EXERCISE DESCRIPTION: Retype, exactly as written, every line from the one containing "para a condição." through the last line of the records below, both included; skip the pictures.

————

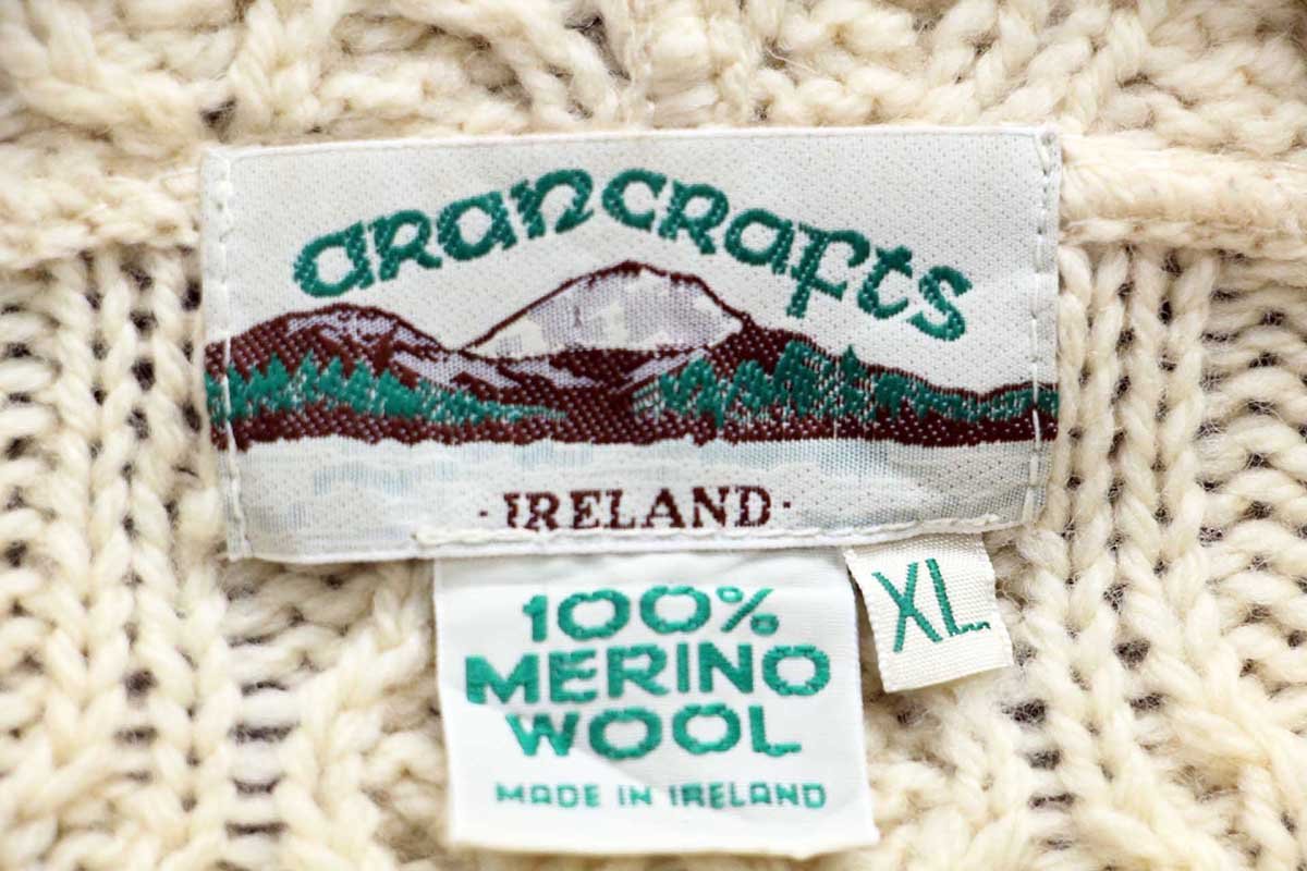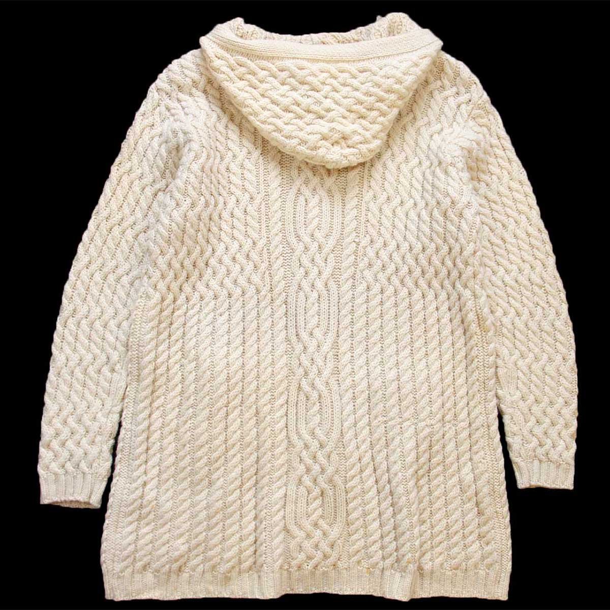 アイルランド製 aran crafts ケーブル編み ロング メリノウールニット パーカー ナチュラル XL★カーディガン フィッシャーマン
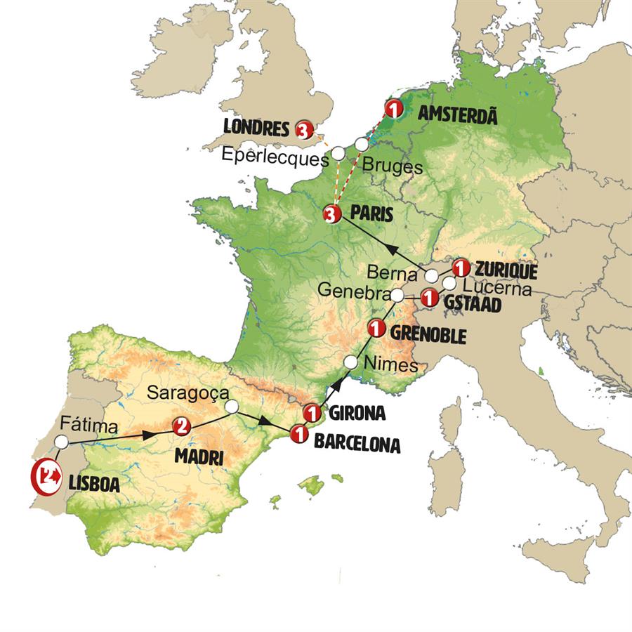 A etapa de hoje oferece belíssimas paisagens de alta montanha.. Não esqueça suas roupas de inverno, tomaremos o teleférico até um dos pontos mais espetaculares da Suíça, onde podera ver gelo e neve o ano inteiro. Incluímos o passeio de teleférico até o GLACIER 3000, onde você pode caminhar na ponte suspensa sobre o vão entre dois picos de montanha, entrar na Catedral do Gelo ou "brincar" no Parque de Diversões. Parada em INTERLAKEN na hora do almoço. Entre lagos muito pitorescos continuamos para LUCERNE, uma das mais belas cidades da Suíça. Continue até ZURIQUE, tempo para passear no centro antes de ir para o hotel.Nota: Em caso de condições meteorológicas adversas ou outros imprevistos, o teleférico para o Glacier 3000 poderá estar fechado. Nesse caso, ofereceremos uma alternativa igualmente espetacular para apreciar as paisagens alpinas.
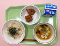 ・ちらしずし・鶏のから揚げ・すまし汁・牛乳本日の主菜は大人気の「鶏のから揚げ」。調理員さんが800個のから揚げをカラッと揚げてくれました。3年生のクラスでは、残ったから揚げをかけてじゃんけん大会が行わ...
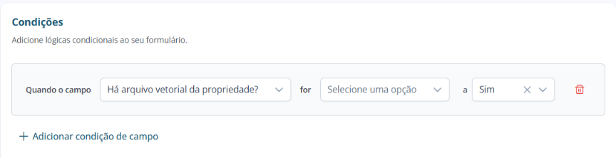 - Em "Quando o campo", selecione o campo do seu formulário que servirá como base para a condição.
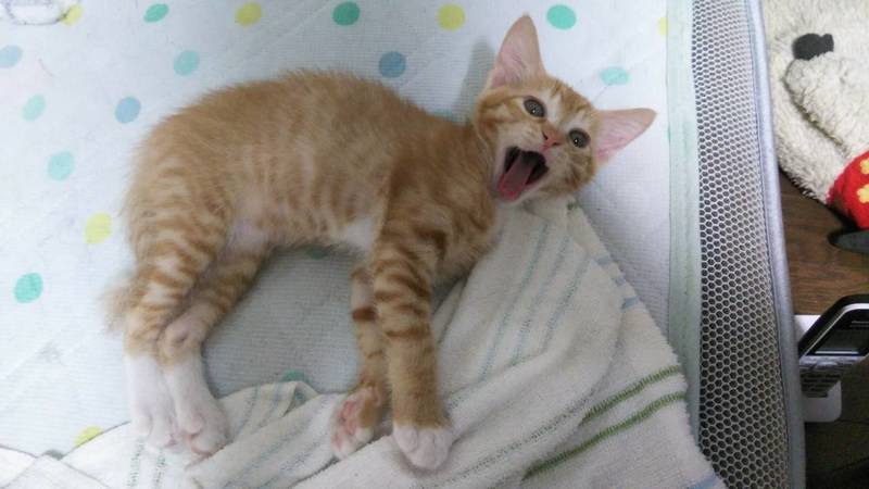 | 特徴(性格など) | 2020.5.25生まれ 毛色:茶トラ カギしっぽで足先が白い茶トラの女の子です。 好奇心旺盛で歩いているとついて来る時もあります。 兄妹で追いかけっこしたり、小さいおもちゃをくわえたり、転がしたりして遊びます。 食べる事も大好きです。 いっぱい遊んでくれるずっとのお家募集中です。 |

————

TASK RESULT:
 - Em "Quando o campo", selecione o campo do seu formulário que servirá como base para a condição.
 | 特徴(性格など) | 2020.5.25生まれ 毛色:茶トラ カギしっぽで足先が白い茶トラの女の子です。 好奇心旺盛で歩いているとついて来る時もあります。 兄妹で追いかけっこしたり、小さいおもちゃをくわえたり、転がしたりして遊びます。 食べる事も大好きです。 いっぱい遊んでくれるずっとのお家募集中です。 |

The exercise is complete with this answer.